In the years when the 'Santa Claus Rally' did not occur, the cryptocurrency market experienced the largest correction before Christmas in 2017, declining by 12.12%. This decline was a result of the price crash following the ICO boom that year. Apart from that, the corrections in the cryptocurrency market before Christmas were relatively small, ranging between 0.74% and 1.25%. Meanwhile, the market corrections after Christmas in 2021 and 2022 were 5.30% and 1.90%, respectively.

It is worth noting that in the past 10 years, there have only been 3 years where the 'Santa Claus Rally' appeared both before and after Christmas. These three years are:

  • In 2016, the total market capitalization of the cryptocurrency market rose by 11.56% before Christmas and by 10.56% after Christmas.

  • In 2018, despite the market being in a correction throughout the year, moderate increases of 1.31% and 4.53% were recorded before and after Christmas, respectively.

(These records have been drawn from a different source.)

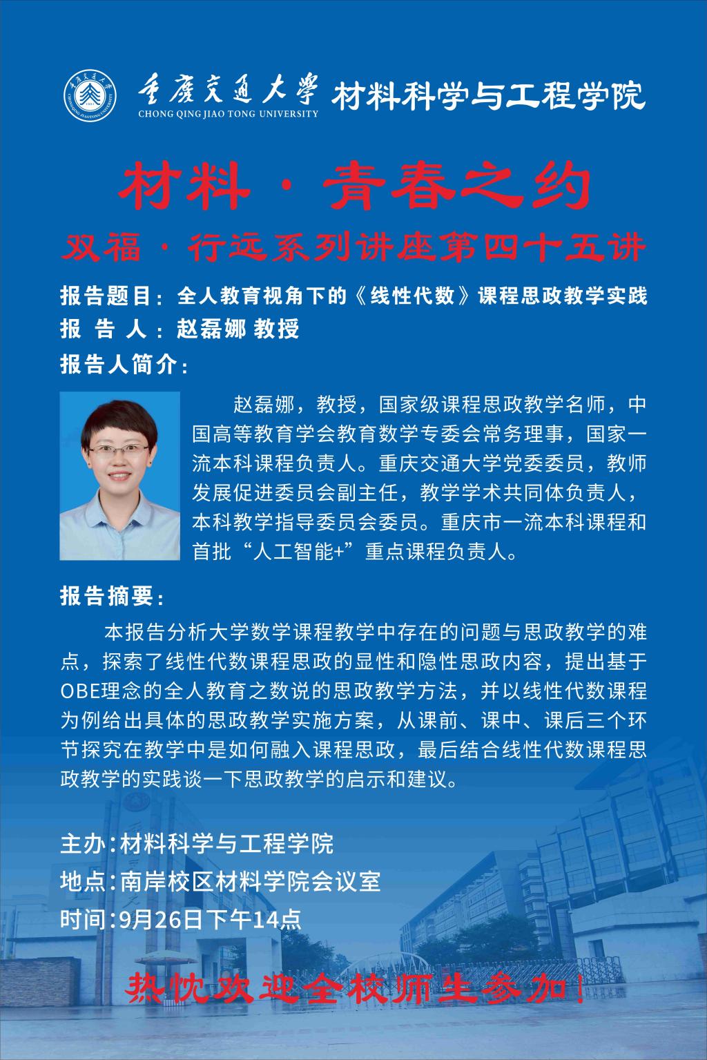 材料·青春之约系列讲座:全人教育视角下的《线性代数》课程思政教学实践
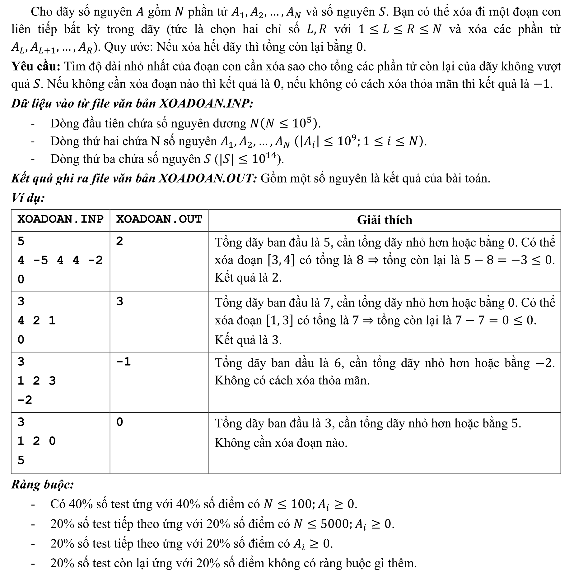 Điểm: 100 (p) Thời gian: 1.0s Bộ nhớ: 1G Input: XOADOAN.INP Output: XOADOAN.OUT
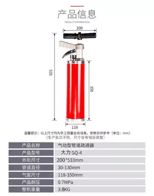 Beijing Dali GQ-4 one gun through high pressure pneumatic sewer dredger household toilet floor drain dredging tool
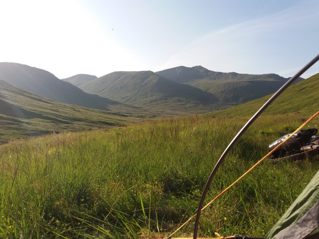 This valley is one of the most stunning places I’ve spent a night. The ground was actually boggy and infested with midges which want to bite you and drink your blood, so I had to flee into the tent and zip it up instead of watching the sunset outside, but the experience of coping with such things is part of the satisfaction.
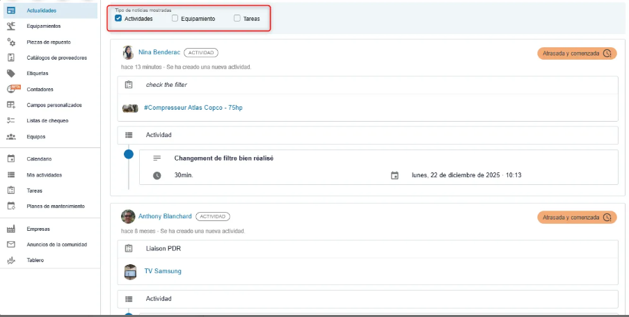 Puede elegir mostrar solo los tipos de noticias que le interesan entre las tres categorías disponibles: tareas, actividades y equipos.
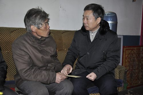 陜煤化集團(tuán)副總經(jīng)理朱周岐(左)看望白水礦病亡職工陳礦生的遺屬王彩琴。
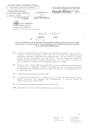 portant notification de la décision d'autorisation budgétaire pour l'exercice 2017 concernant le service d'aide et d'accompagnement à domicile auprès des familles de la fédération ADMR Alsace Resumé Pièces jointes ARRETE Assemblée : Non défini Date : 15/09/2017 Rapporteur : Non défini Collectivité : Conseil départemental du Haut-Rhin Direction : Non défini Service : Direction de la Solidarité Domaine : Dotations financières Commission :
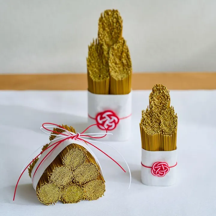 新年の訪れを華やかに彩る門松を古くから日本の暮らしに寄り添ってきた自然素材「い草」で丁寧に作りました。自然素材のい草は湿気やにおいを断面から吸収する特性があり、見た目の美しさだけでなく、空間をさわやかに整える効果も。お正月が終わったあとは水引などの飾りを外して玄関やトイレなどにそのまま置くだけで、ナチュラルなインテリアとして長く楽しめます。和の風合いを暮らしに取り入れる、季節感あふれるアイテムです。●い草のお飾りは<a href="https://www.superdelivery.com/p/do/dpsl/190793/?word=%E3%81%84%E8%8D%89%E3%81%AE%E3%81%8A%E9%A3%BE%E3%82%8A">コチラ</a>生産地:福岡県三潴郡*デザインボックス入りい草の学名 Juncus には「結ぶ」という意味があるそうです。結ぶという言葉には、繋げる・まとめる・創る・固める・締めるのように様々な意味があり、人との関係をむすぶ、契りを結ぶといったご縁や心をむすぶという意味でも使われます。い草はそんな縁起の良い意味を持った草です。また、い草には空気をきれいにする効果や消臭効果、調湿効果があり、さらに香りにはリラクゼーション効果があります。【インテリア雑貨】【消臭】【リラックス】【イグサ】【い草】【ハレの日】【出産】【成人式】【ひな祭り】【七五三】【正月】【正月飾り】【水引】【い草のお飾り】【プレゼントボックス】【X2】Interior Goods, Deodorant, Relaxation, Igusa, Special Occasion, Birth, Coming of Age, Hina Festival, Shichi-Go-San, New Year, New Year Decoration, Mizuhiki, Igusa Decoration
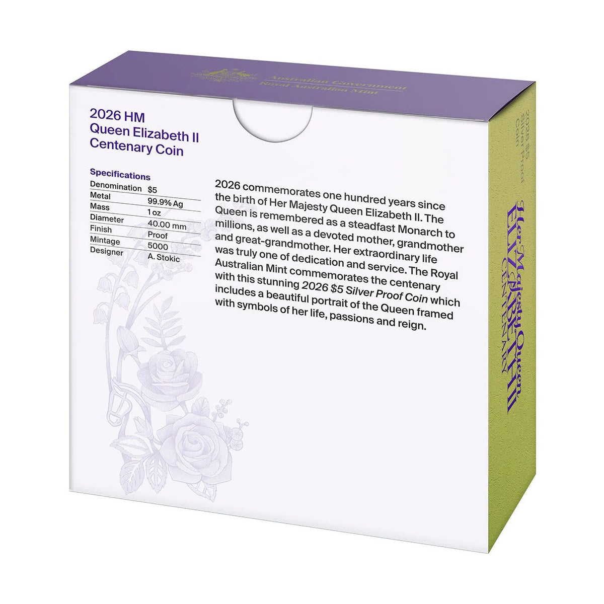 The Royal Australian Mint to proud to announce the release of this beautiful 2026 $5 Silver Proof Coin to mark the centenary of the birth of Her Majesty Queen Elizabeth II.
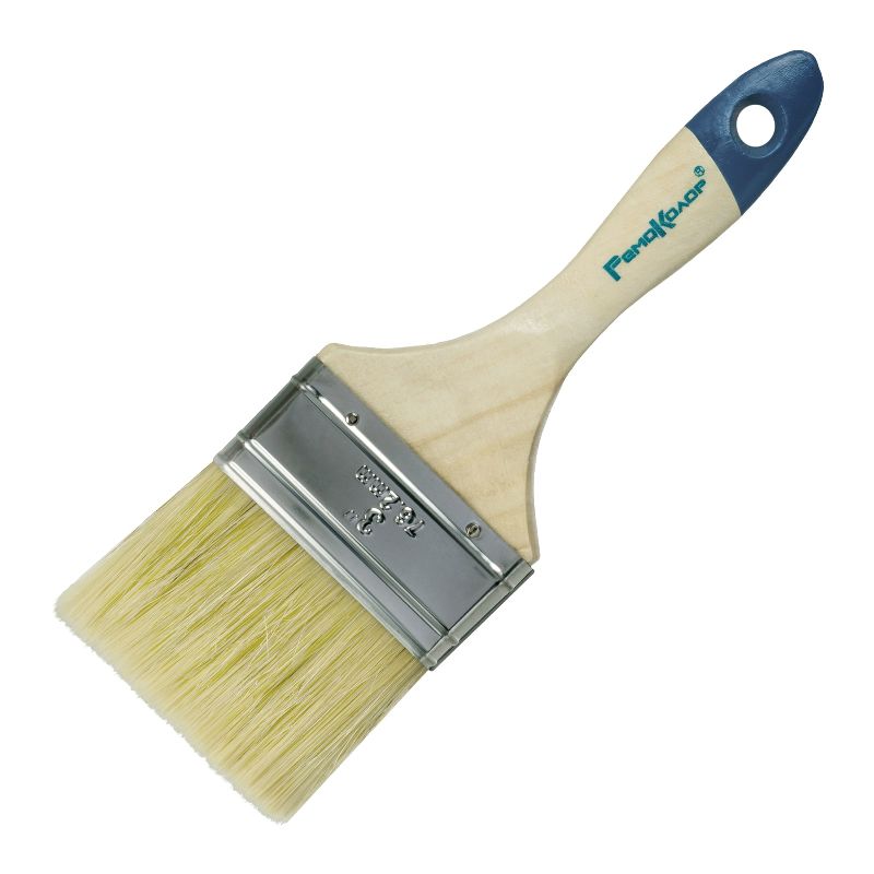 Кисть плоская 76,2 мм (3") натуральная светлая щетина, деревянная ручка Евро
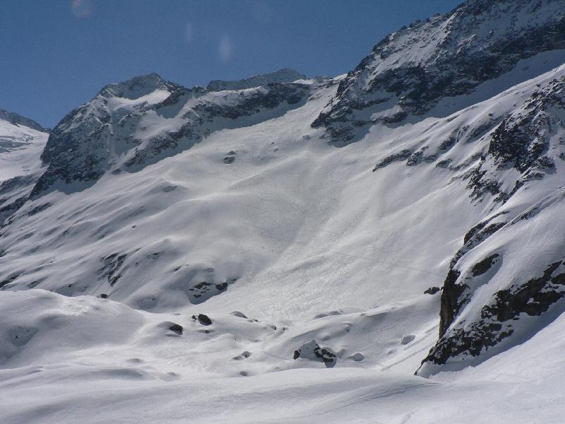 | On arrive en haut de l'arête Windegg et on va faire une traversée descendante pour rejoindre le bas du couloir menant au Pt 2660. On voit des traces de descente: on fera les notres J3 pour rejoindre Z.T. | 10/04/07 12:12 | Commander |
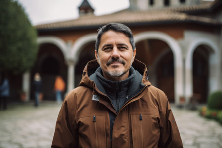 Portrait of a middle-aged man in the courtyard of a medieval castle
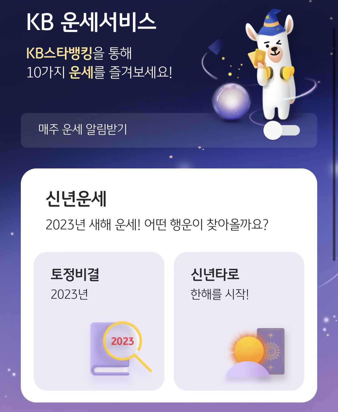 어렵지 않게 2023년 신년운세를 무료로 확인할 수 있으니 KB스타뱅킹을 사용하시는 분들이라면 한번쯤 이용해보시는걸 추천드립니다

  • In 2023, under the environment of a recovering bear market, the cryptocurrency market rose by 4.05% before Christmas and by 3.64% after Christmas.

In contrast, the total market capitalization of cryptocurrencies showed more extreme performance throughout December. In the past 10 years, there were 5 years where the market overall grew between 16.08% and 94.19%. In the other 5 years where there was a correction, the market's decline in December ranged from 1.73% to 15.56%.

Overall, the 'Santa Claus Rally' in the cryptocurrency market is not a stable phenomenon, with significant variation in its performance, making it difficult to predict.

2. Will Bitcoin rise during the Christmas season?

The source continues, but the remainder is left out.